With the Arcadians alone, however, could inland trade be carried on upon a large scale; among every other Hellenic people possessing sea-coasts and harbours, it degenerated into mere peddling. Hence, the Æginetans obtained the character, once possessed in this country by the Scotch, of being a nation of pedlars—sometimes travelling from village to village, with their packs; at other times settling, like the Maltese of the present day, in towns on the coast of Greece, they became corn-chandlers, vintners, toymen, or victuallers, in established shops or stalls in the agora. Hence, all kinds of humble wares, or pedlary, obtained the appellation of Æginetan wares. Like the Jews, too, both they and the Cretans (noted liars, as St. Paul[[1507]] assures us) were regarded as skin-flints, and, in many cases, betook themselves to the practice of usury.[[1508]]
Frequently, however, they soared above these petty arts, and became merchants on a large scale, trading with distant lands and acquiring very great wealth. The entire island, in Strabo’s time, was regarded as an emporium; and, even so far back as the age of Aristotle, their whole marine was employed in commerce. In some cities, he says, nearly all the shipping is engaged in one kind of service; those of Byzantium and Tarentum in the fisheries; those of Athens in war; those of Chios and Ægina as merchantmen; and those of Tenedos as transports.[[1509]] It has been conjectured, not without reason, that Sostratos, the son of Leodamos, celebrated by Herodotus for his riches, was a merchant. “The Samians,” says this historian, “induced by divine command to undertake the voyage of Tartessos, brought home with them greater wealth (sixty talents) than any other Greeks ever gained by trade, if we except Sostratos, with whom no one can contend in opulence.[[1510]]”

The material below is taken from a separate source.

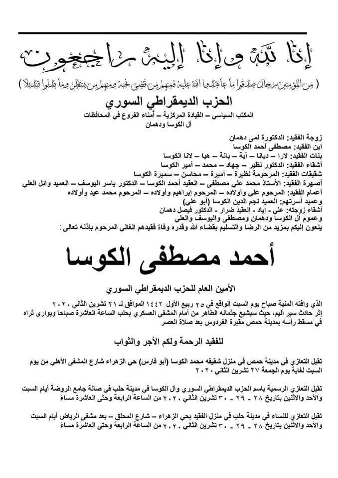 ونعى الحزب عبر معرفاته الرسمية في “فيس بوك” “الكوسا”، قائلاً إنه قضى “إثر حادث سير أليم”، مضيفاً أنه سيشيع من أمام المشفى العسكري في حلب، وسيدفن في مدينة حمص مسقط رأسه.

But the Æginetans also engaged in foreign trade, sending ships to Tartessos towards the west, and to the Black Sea towards the east. It is related, for example, that when Xerxes was at Abydos, he saw merchantmen sailing down the Dardanelles with corn for Ægina and the Peloponnesos,[[1511]] which were stopped by his fleet with the design of taking both ships and men. But when Xerxes learned they were bound for Greece, he dismissed them, considering the corn as so much provision for his own army, which, he doubted not, would be able to subjugate the whole country. From which Müller conjectures, but without reason, that the great corn markets of the Black Sea were at that time exclusively in the hands of the Æginetans; though afterwards, during the Peloponnesian war, when Ægina fell, they passed over to the Athenians. The reason “that the Æginetans stood so much in need of the supply, that they would not have endured a rival,” could only hold good if they had the power to command a monopoly, which, for any length of time at least, is highly improbable, since although they are said to have been masters of the sea about the age of Darius Hystaspes,[[1512]] their domination was extremely short-lived.[[1513]] It would seem, however, that they were at that time in the habit of supplying the Peloponnesos with grain. Slaves they imported both from Pontos and from Crete, and it is doubtful whence they obtained the greater number. A large proportion of their exports found their way into Crete, where they had established a colony at Cydonia. Besides lying one day’s sail distant from the Peloponnesos, and that of a day and a night from Africa, this great island formed an excellent midway station between Ægina and the mouth of the Nile.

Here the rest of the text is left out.